Finland is a transit, destination, and a limited source country for women, men and girls subjected to forced marriage, forced labor and sex trafficking. Finnish legislation condemns trafficking as a crime and has met the standards of the EU Protocol even before the convention came into effect. NGOs and the government cooperate in providing help for the victims of trafficking in Finland. Although the Finnish Police investigated and referred more people to care in 2013, prosecution and conviction numbers of suspected offenders remain low relative to the number of potential victims. The government is currently working on improving the anti-trafficking laws and practices to improve the situation.

Finland ratified the 2000 UN TIP Protocol in September 2006.

The U.S. State Department's Office to Monitor and Combat Trafficking in Persons placed the country in "Tier 1" in 2017 and 2023.

In 2023, the Organised Crime Index gave Finland 3.5 out of 10 for human trafficking. It noted an increase in numbers of victims and the prevalence of gangs from Europe and Vietnam in this crime.

The 2024 GRETA report noted that the annual number of identified trafficking victims had gone up from 229 to 367 in three years, with a low number of prosecutions.

==Human trafficking==
Human trafficking is the trade of humans that can occur internationally or within a nation, often with a goal of forced marriage, sexual slavery, forced labor, commercial sexual exploitation or the removal of organs. Newest forms of human trafficking include ova and surrogacy trade. Persons that are victims of human trafficking are usually recruited or taken by the means of the threat or use of force, or by fraud, kidnapping, deception, abuse of power or a vulnerable position with the aim of exploitation. Some of the biggest reasons for human trafficking are poverty, the global level of gender inequality and the feminization of poverty as well as different kinds of conflicts, cataclysms, religious and ethnic persecutions, violence and discrimination (of especially women).

==Prevalence==

Identifying a person as a victim of trafficking is one of the most difficult tasks when measuring human trafficking. According to Eurostat's 'Trafficking in human beings': "In accordance with Directive 2011/36/EU, the term "identified victim" refers to persons who have been formally identified by the relevant authorities as a victim of trafficking in human beings. The term "presumed victim" on the other hand is used for trafficking victims who have met the criteria of the EU Directive but have not been formally identified by the relevant formal authorities as a trafficking victim or who have declined to be formally or legally identified as a trafficking victim."

A total of 30,146 identified and presumed victims were registered in the 28 EU Member States in 2010–2012, out of which over a thousand were children trafficked for sexual exploitation. 80 percent of registered victims were female, and 65 percent of registered victims were EU citizens. Of the registered victims who are confirmed as EU citizens, the top 5 countries of citizenship are Bulgaria, Romania, the Netherlands, Hungary and Poland. Over the three years, the top 5 non-EU countries of citizenship of registered victims were Nigeria, Brazil, China, Viet Nam and Russia. There has been an increase in the number of ¨unknown¨ citizenships from 2010 to 2011. In addition, 71 percent of labor exploitation victims were male in the EU Member States during these three years.
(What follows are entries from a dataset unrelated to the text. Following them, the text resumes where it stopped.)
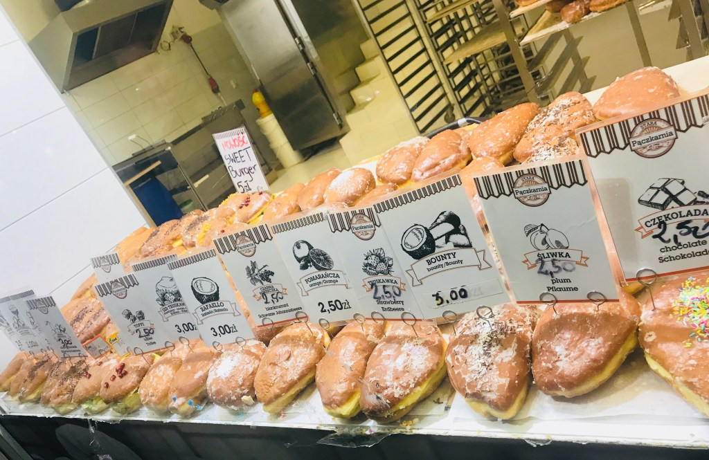 Food was terrific in Poland! Doughnuts are the best I have ever had – I ordered a dozen for the flight back, wanted to make sure I got to taste one of every flavour – Fear of missing out! Those dumplings are also an intriguing Polish cuisine; we tried blueberry pierogi. When I go back to Poland, I know on my list to have will be the savoury pierogi with potato and cheese.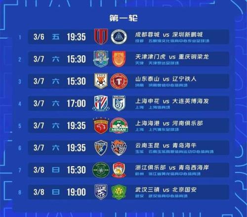根据赛程安排,2026赛季中超联赛首场比赛将在3月6日19时35分打响,由成都蓉城主场迎战深圳新鹏城。作为本赛季未受处罚的球队,两队均将以0分的“优势”开局。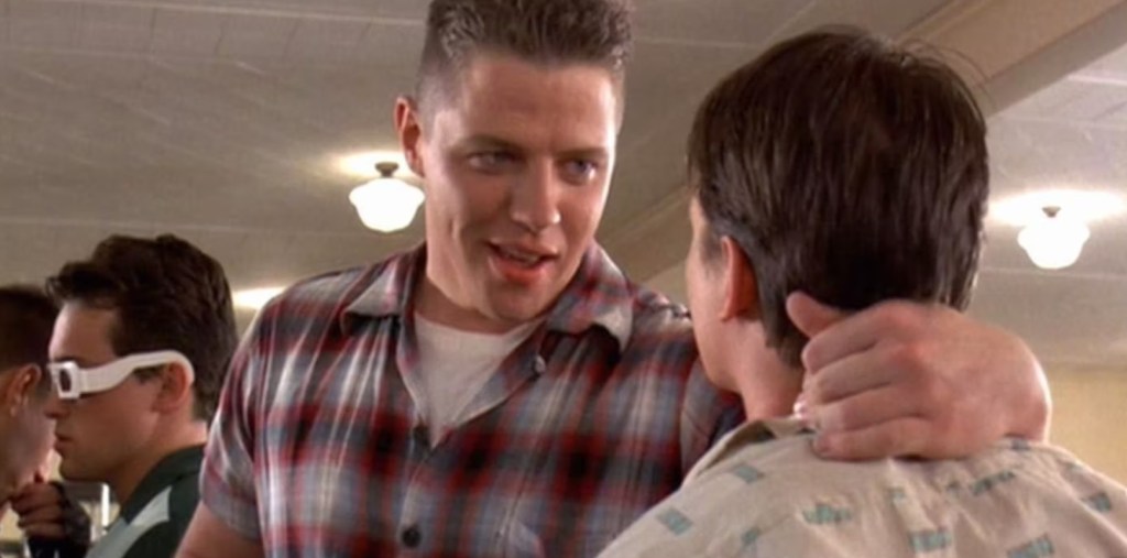 Some much needed hope appears on the horizon on the shape of the 1955 version of Doc Brown who, with Marty’s knowledge of the future, realise that a lightning bolt is due to strike the clock tower in the town square in week’s time which will recharge the Delorean, but only if they time it with split second precision. So with a deadline in place, Marty has to get his parents to date, avoid the fists of local bully Biff Tannen and get his ass back to the future while causing as little damage to the timeline as possible.

Finland is both a transit and a destination country for human trafficking, but human trafficking is less prevalent in Finland than it is in most other EU countries. To some extent Finland is also considered a source country for human trafficking. No incidents of organ trade have been detected in Finland, and trafficking tends to mostly appear in forms of prostitution and procuring (pimping), as well as labor exploitation. Labor exploitation is especially prevalent in berry picking, restaurant, cleaning, metal, transportation, construction and gardening industries as well as in personal households.
According to statistics provided by Eurostat, in 2010–2012 there was a total of 231 registered victims of human trafficking in Finland. The Finnish Police estimate that about 200-250 women cross the Finnish border from the East weekly to work as prostitutes in Finland. Annually about 10,000–15,000 prostitutes spend some amount of time working in Finland. These women are mostly from Russia, Estonia and to some extent from Lithuania and Latvia. A chance of these women being forced to work as prostitutes cannot be excluded. In comparison, the corresponding number of registered victims of human trafficking in Sweden was 311, 179 in Denmark, 125 in Norway, 135 in Estonia and 4,474 in United Kingdom.
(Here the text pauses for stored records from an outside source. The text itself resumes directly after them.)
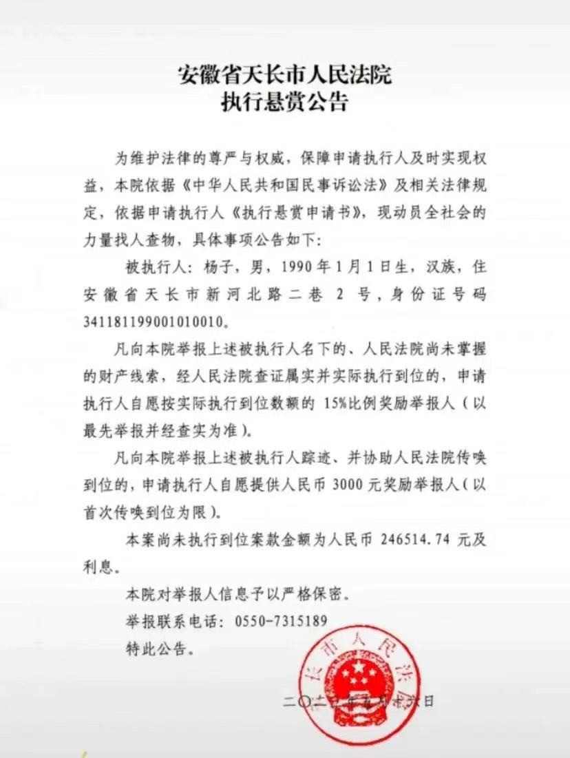 为切实保护债权人的合法权益,加强信用机制建设,打击被执行人逃避执行的行为,现经申请执行人申请,依据《中华人民共和国民事诉讼法》第262条、《最高人民法院关于民事执行中财产调查的若干问题的规定》第22条规定,天长市人民法院决定发布执行悬赏公告,对案件中的被执行人下落和财产提供线索者予以奖励。天长市人民法院郑重承诺:对提供线索的单位和个人信息依法予以保密!举报电话:0550-7315189联系人:徐法官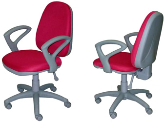 Poltrona Presidente com contra capa no assento/encosto, mecanismo com regulagem de altura do encosto, regulagem no reclíneo do encosto e altura a gás, com braços fixos.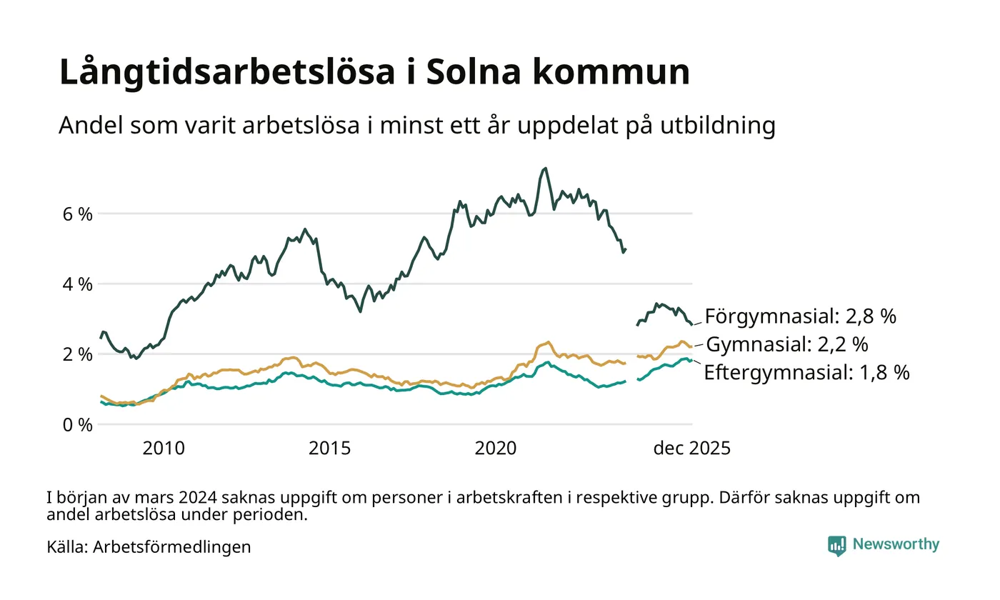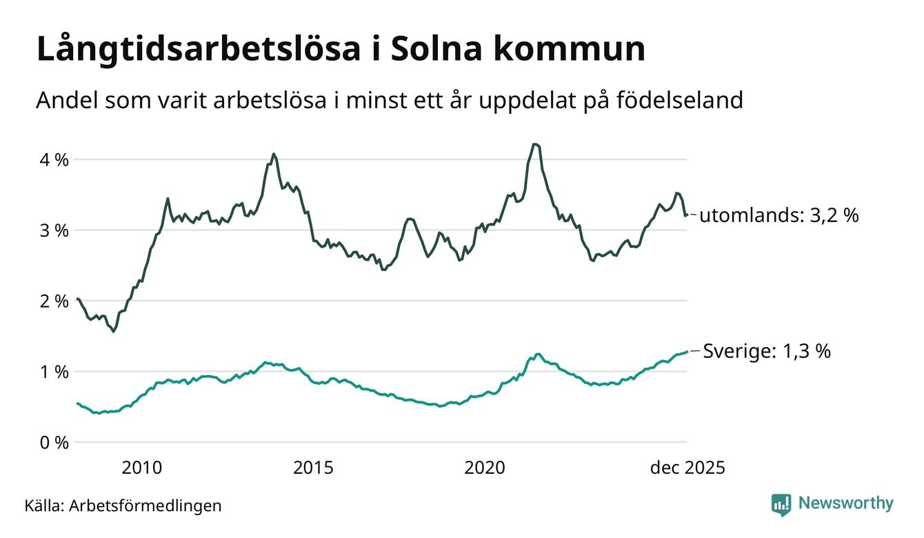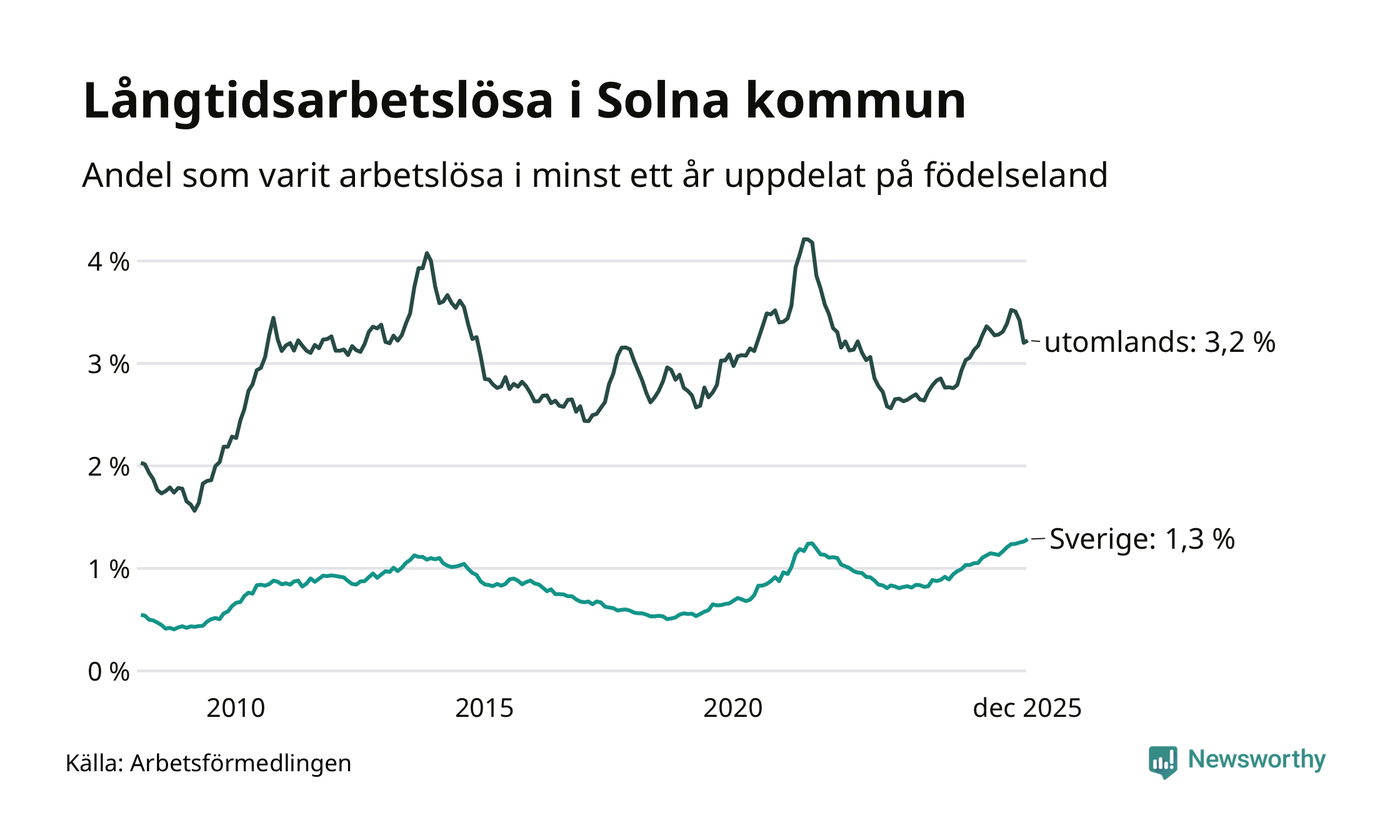 Andelen som varit utan arbete i minst ett år i Solna var högre i december jämfört med samma månad för ett år sedan. Det visar Arbetsfömedlingens senaste månadsstatistik.

Finland is also known to be a transit country for trafficking in children. The children that pass through Finland come mostly from East Asia and they are headed elsewhere in Europe. In Finland, children of immigrants still in the process of seeking asylum are considered to be at risk for being trafficked: a number of children have disappeared from the centers where immigrants stay during the asylum process, so trafficking of children with the aim of exploiting them sexually might also take place in Finland.

Fewer than a hundred people seek help from the aid shelters annually in Finland.

For the first half of 2019, in a six-month period from January to June Finland's Assistance System for Victims of Human Trafficking (Migri) reported 115 human trafficking cases, of which most common were forced marriage and being made to work without workers rights in agriculture or restaurants. Seven reported having been sexually harassed. The victims were mainly from Afghanistan (17), Nigeria (16), Iraq (15), Somalia (15), Cameroon (7) and Romania (5).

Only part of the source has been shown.